Effects of YS on neutrophil recruitment (A) and liver edema (B) induced by 90 min of ischemia and 6 h of reperfusion. MPO contents in liver tissues were analyzed as the index of neutrophil recruitment. Liver edema was determined by tissue wet-to-dry weight ratio. YS at different doses (5, 10, 20 mg/kg) was injected intraperitoneally 24 h and 1 h before ischemia and a third dose was injected intravenously just before reperfusion. For all groups, n = 8. ^bP < 0.01 compared with sham group; ^cP < 0.05, ^dP < 0.01 compared with I/R group.

Figure 3

Effects of YS on SOD (A) and MDA (B) levels in liver tissues. After 90 min of ischemia and 6 h of reperfusion, liver tissues were homogenized and assayed for SOD and MDA levels as the index of hepatic oxidative stress. YS with different dose (5, 10, 20 mg/kg) was injected intraperitoneally 24 h and 1 h before ischemia and a third dose was injected intravenously just before reperfusion. For all groups, n = 8. ^bP < 0.01 compared with sham group; ^cP < 0.05, ^dP < 0.01 compared with I/R group.

Figure 4

Effects of YS on serum levels of TNF-α analyzed by enzyme-linked immunosorbent assay. Mice were subjected to 90 min of ischemia and 6 h of reperfusion. Saline or YS with differ-ent dose (5, 10, 20 mg/kg) was injected intraperitoneally 24 h and 1 h before ischemia and a third dose was injected intravenously just before reperfusion. For all groups, n = 8. ^bP < 0.01 compared with sham group; ^cP < 0.05, ^dP < 0.01 compared with I/R group.

Figure 5

Immunohistochemical assay of TNF-α on liver tissue. Compared with sham control (A), the expression of TNF-α was highly up-regulated by 90 min of ischemia and 6 h of reperfusion (B), and the up-regulation of TNF-α expression was markedly inhibited by YS (20 mg/kg) (C). Original magnification: × 400.

Figure 6

Immunohistochemical assay of ICAM-1 on liver tissue. Compared with sham control (A), the expression of ICAM-1 was highly up-regulated by 90 min of ischemia and 6 h of reperfusion (B), and the increase of ICAM-1 expression was dramatically inhibited by YS (20 mg/kg) (C).
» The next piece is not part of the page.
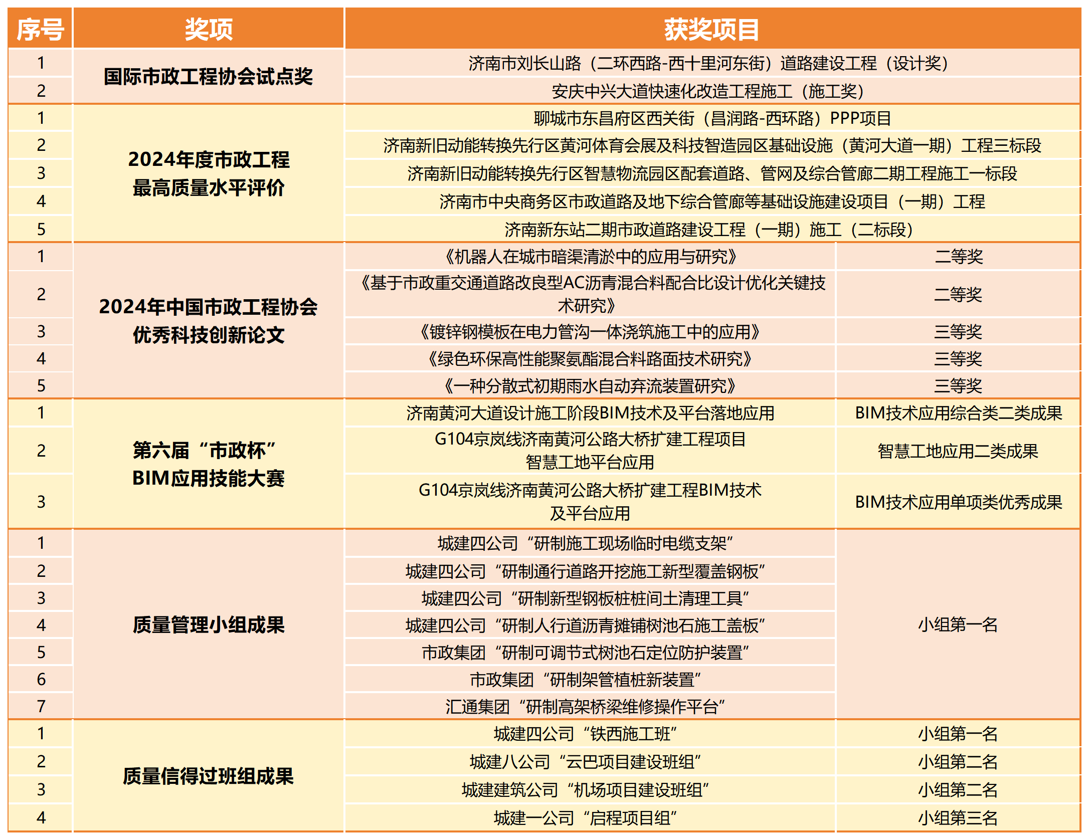 其中,濟(jì)南市劉長(zhǎng)山路(二環(huán)西路-西十里河?xùn)|街)道路建設(shè)工程等2項(xiàng)工程獲評(píng)“國(guó)際市政工程協(xié)會(huì)試點(diǎn)獎(jiǎng)”;聊城市東昌府區(qū)西關(guān)街(昌潤(rùn)路-西環(huán)路)PPP項(xiàng)目等5項(xiàng)工程獲評(píng)“2024年度市政工程最高質(zhì)量水平評(píng)價(jià)”;《機(jī)器人在城市暗渠清淤中的應(yīng)用與研究》等5篇論文獲評(píng)“中國(guó)市政工程協(xié)會(huì)科技創(chuàng)新論文”并入選《中國(guó)市政工程協(xié)會(huì)科技創(chuàng)新論文集》;城建集團(tuán)公司3項(xiàng)成果獲評(píng)第六屆“市政杯”BIM應(yīng)用技能大賽獎(jiǎng)項(xiàng),其中包括1項(xiàng)BIM技術(shù)應(yīng)用綜合類(lèi)二類(lèi)成果、1項(xiàng)智慧工地應(yīng)用二類(lèi)成果、1項(xiàng)BIM技術(shù)應(yīng)用單項(xiàng)類(lèi)優(yōu)秀成果;“研制施工現(xiàn)場(chǎng)臨時(shí)電纜支架”等7項(xiàng)質(zhì)量管理小組成果獲評(píng)小組一等獎(jiǎng)第一名;“云巴項(xiàng)目建設(shè)班組”等4項(xiàng)班組成果獲評(píng)全國(guó)市政工程“質(zhì)量信得過(guò)班組”示范級(jí)班組前三名。

Original magnification: × 400.

Figure 7

RT-PCR analysis of TNF-α (A) and ICAM-1 (B) mRNA expression in the liver tissues. β-actin was used as control. Mice were subjected to 90 min of ischemia and 6 h of reperfusion. Saline or YS with different dose (5, 10, 20 mg/kg) was injected intraperitoneally 24 h and 1 h before ischemia and a third dose was injected intravenously just before reperfusion. Liver RNA extracts were analyzed by reverse transcription PCR and stained with SYBR green dye. M: marker; Lain 1: sham control; Lain 2: I/R group; Lain 3-5: 5, 10 and 20 mg/kg of YS treated groups. The band intensities of TNF-α (C) and ICAM-1 (D) in sham, I/R and YS-treated groups were compared. One representative experiment from three performed is shown. ^bP < 0.01 compared with sham group; ^cP < 0.05, ^dP < 0.01 compared with I/R group.